1x1 On Wendy Red Star
Monsters, 2019

Monsters, an immersive video installation made in collaboration with Amelia Winger-Bearskin, anchors Wendy Red Star’s exhibition, A Scratch on the Earth. It screens inside a dome-shaped structure that resembles a traditional ceremonial sweat lodge, here cheekily covered in colorful Pendleton blankets, quilts, and sleeping bags and surrounded by plastic foliage. Shot with a VR rig provided by Google that can record 360-degree views, the work’s title evokes one tech writer’s description of the device as a “17-camera monster.” The shadow of this technological wonder looms over the sweeping landscapes it records. Shot in southern Montana where Red Star was raised on the Crow reservation, Monsters travels through a series of sites in the vicinity of the Pryor Mountains, land sacred to the Apsáalooke (Crow Nation), where actual monsters, mischievous, sometimes menacing creatures known as the Little People, are believed to reside. These diminutive but fearsome beings were blamed for a series of mysterious accidents that plagued the railroad line built through the Pryor Gap, a site where Apsáalooke ritually demonstrated respect for the Little People by leaving offerings such as beads, arrows, or meat, which in turn helped guarantee their own safe passage through the territory.

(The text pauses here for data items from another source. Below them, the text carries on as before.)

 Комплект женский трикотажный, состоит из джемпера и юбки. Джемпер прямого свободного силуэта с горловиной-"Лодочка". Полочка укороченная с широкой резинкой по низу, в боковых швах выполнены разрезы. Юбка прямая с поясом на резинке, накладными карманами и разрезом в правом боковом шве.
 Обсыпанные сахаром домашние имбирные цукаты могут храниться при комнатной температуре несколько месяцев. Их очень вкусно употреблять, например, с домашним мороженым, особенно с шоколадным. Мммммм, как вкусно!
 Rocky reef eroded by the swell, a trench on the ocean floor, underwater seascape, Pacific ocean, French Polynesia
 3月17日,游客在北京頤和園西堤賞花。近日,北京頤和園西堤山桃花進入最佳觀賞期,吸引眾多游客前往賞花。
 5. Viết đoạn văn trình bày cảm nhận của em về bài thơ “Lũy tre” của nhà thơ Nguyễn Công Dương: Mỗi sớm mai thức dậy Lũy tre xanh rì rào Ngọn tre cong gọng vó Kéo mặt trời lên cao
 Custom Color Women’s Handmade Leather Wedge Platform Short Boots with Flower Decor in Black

In eight static long takes, Red Star and Winger-Bearskin undertake a day’s journey into this land, rambling with their dogs across sub-alpine prairies, wide-open rocky expanses, into labyrinthian limestone caves, and down trails that betray traces of settler encroachment in the form of abandoned railroad beds and barbed wire fences. Along the way, Monsters navigates the legacies of photographic technologies that have participated in the dispossession of Indigenous land. Since the 1920s, multiple lens cameras have been used to survey large tracts of land, supporting governmental policies that enabled settlers to make claims on Apsáalooke territory. More spectacularly, 360-degree recording and projection has been deployed to naturalize this violent history, beginning with A Tour of the West, Disney’s inaugural Circarama presentation of 1955. Featuring eleven 16mm projectors, the attraction offered 360-degree views of landscapes already familiar from countless Westerns, including the Grand Canyon and Monument Valley, providing a virtual expedition underwritten by the ideology of westward expansion.

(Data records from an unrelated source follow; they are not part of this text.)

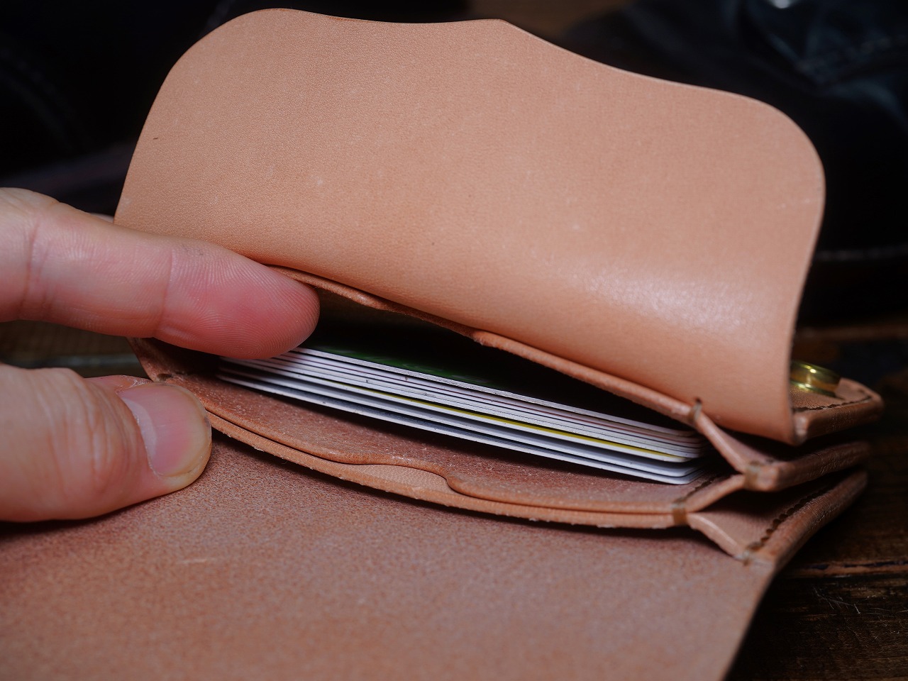 | 備考 | こば処理は丁寧にやすりがけを施し、コート剤で仕上げています。 糸は丈夫なシニュー糸を使用し、完全手縫いで製作しています。 手縫いはミシン縫いよりもはるかに丈夫で切れにくく、切れてもほつれにくい ため長く使っていただけます。修理も可能です。 |
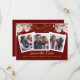 Trois de vos photographies de couple sont mises en valeur sur un fond bordeaux. Des roses roses et des guirlandes lumineuses créent une bordure supérieure élégante.
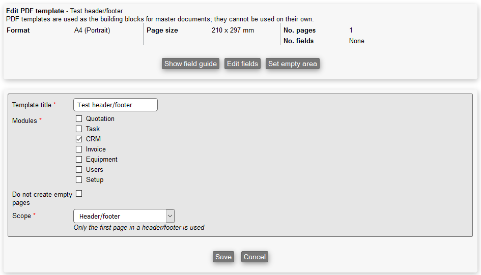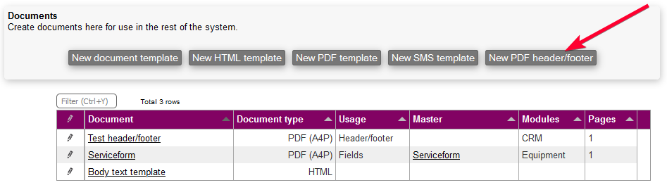 Finally, you can create templates for header and/or footer for use in your PDF templates. To do so, click on the "New PDF header/footer"-button as shown below.
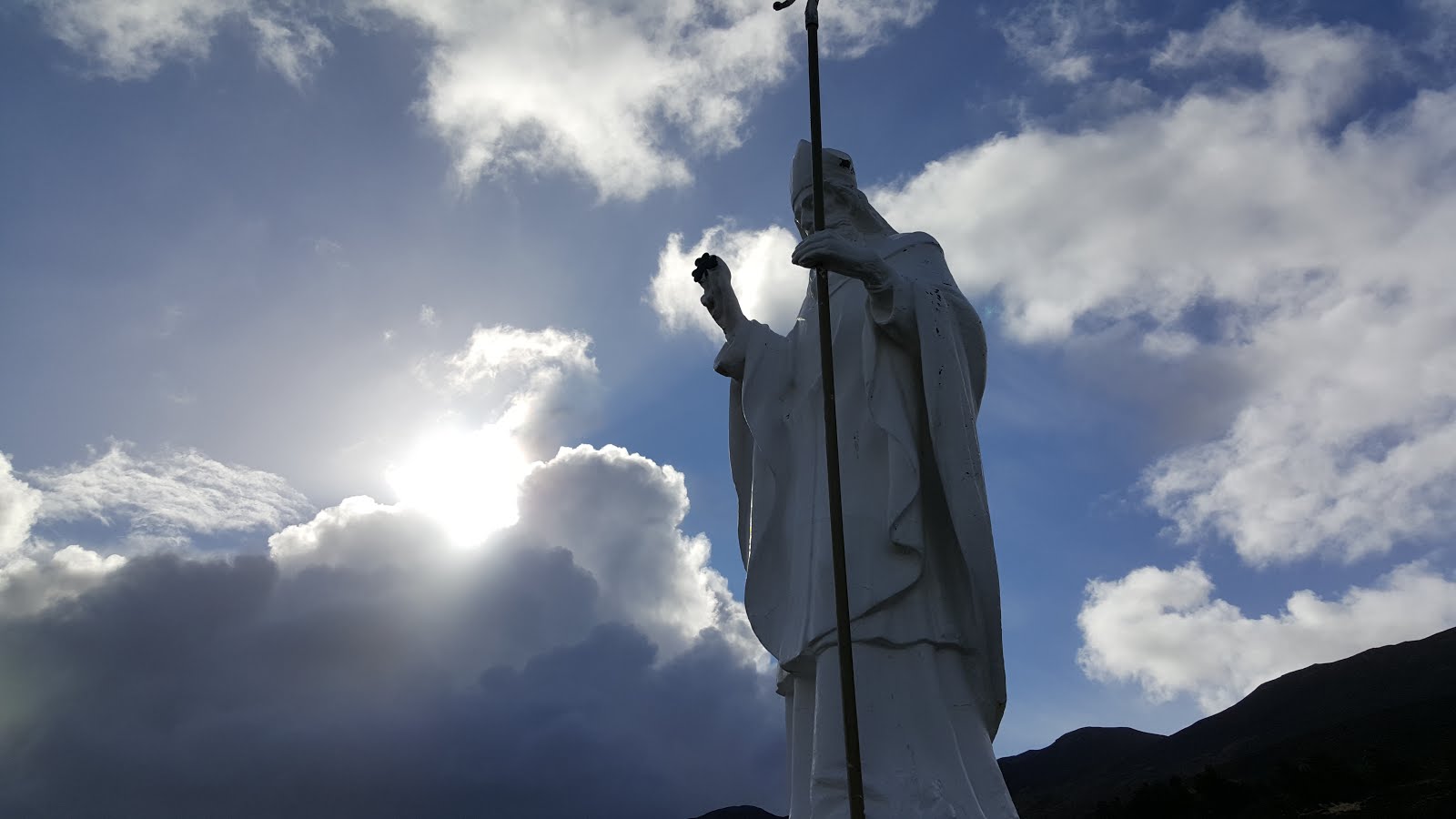 Reading of your weather-related trials, including hail, at "Croagh Patrick, the mountain hard on the Atlantic Ocean", I'm reminded of Hymn 370, "St. Patrick's Breastplate" -- his prayer of hope for God's help in adversity: "I bind unto myself today the virtues of the starlit heaven, the glorious sun's life-giving ray, the whiteness of the moon at even, the flashing of the lightning free, the whirling wind's tempestuous shocks, the stable earth, the deep salt sea, around the old eternal rocks."
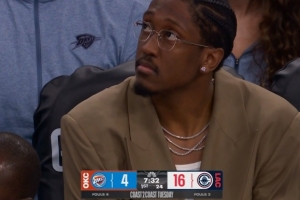 心急如焚!雷霆开局4-16落后快船 镜头给到雷霆二当家杰伦威
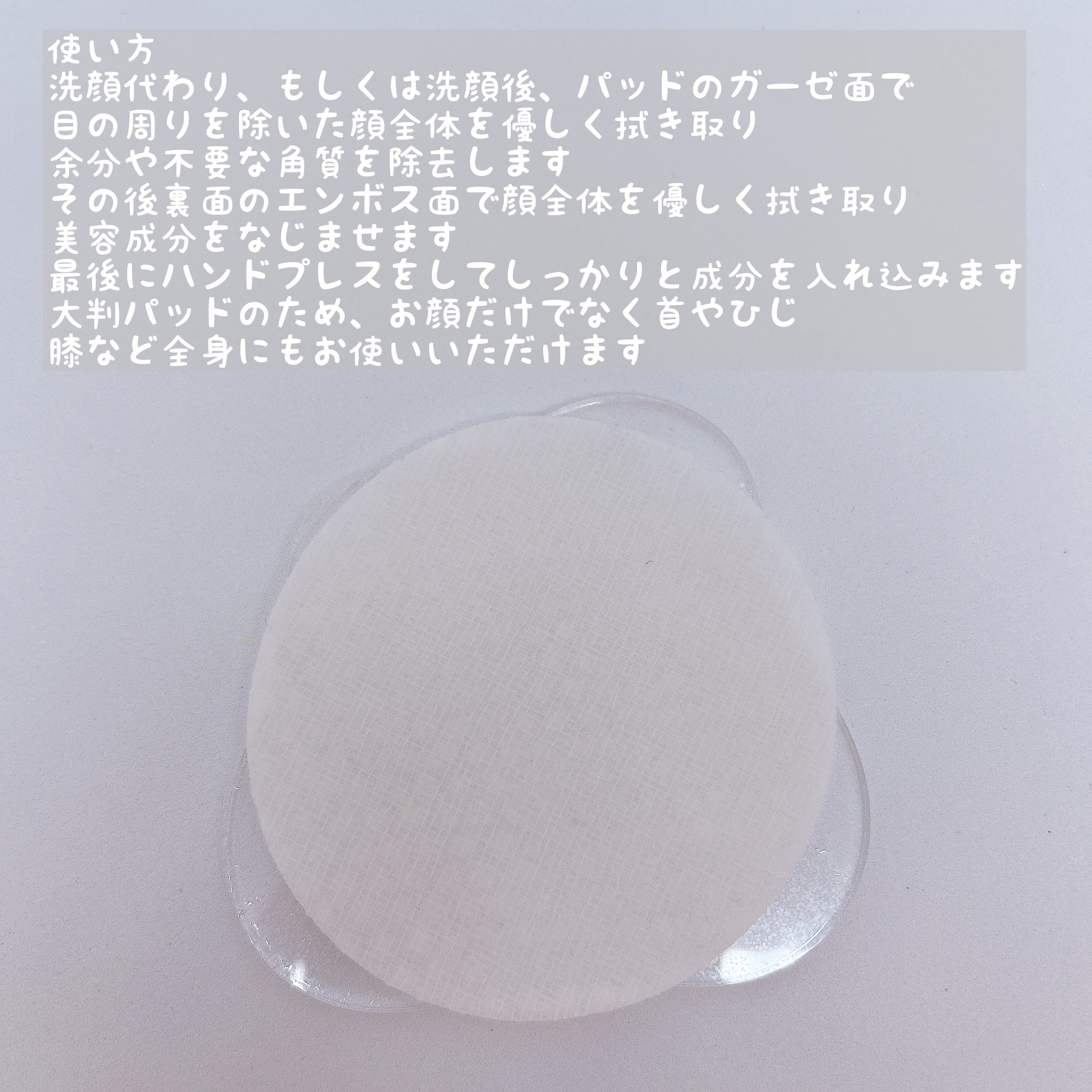 - ①独自処方の2面パッドで角質+保湿へダブルアプローチ まずガーゼ面(ザラザラ面)で不要な角質や皮脂、毛穴汚れをスッキリ落とします。このガーゼ素材は実は優しく拭き取るだけで不要な角質や汚れを落とすだけでなく、ターンオーバーに着目して開発されています。次にエンボス面で、クリアになった素肌を優しく保湿。角質層までたっぷりの美容成分を届けてしっとり潤いを与えます。忙しいママさんも、スボラ女子さんも、男性も、これ1枚で簡単30秒ケア!簡単だからこそ毎日続けられる!継続こそが素肌美人への近道! ②主成分が水ではなくCICA 多くの化粧品の主成分は8〜9割が水であるのに対し、AKASURI PADの主成分は美容成分で肌管理の『CICA(シカ)』 ③イデベノン配合 エイジングケアの代表格『ヒト幹細胞』や『ナイアシンアミド』に加え、次世代成分『イデベノン』配合。なんとビタミンCの4倍、コエンザイムQ10の10倍も若さと健康をケアする成分であるため、美容大国韓国では大注目成分である。 ④簡単30秒ケアで高タイパ 1枚たったの30秒ケアで、洗顔・化粧水・美容液まで完結できる『美容液パッド』はコスパもタイパも最高!

While early experiments with projection in the round were marred by blind spots that emerged in the gaps between screens, Google’s camera system allows users to upload their files to the cloud where they are seamlessly stitched together. Nonetheless, surrounded by an unbroken horizon in Monsters, one experiences the nagging sense that something remains occluded from view. In a classic horror film, framing that emphasizes the vacancy of space induces dread, fear of what lurks just off screen. Here, instead, the idea that these places could be understood as empty (and thus available to be settled) is quietly undone. As each shot slowly unfolds, the land comes to be felt as a living site, home to creatures both seen and unseen. And though monsters fail to appear, the ghosts of history are all around.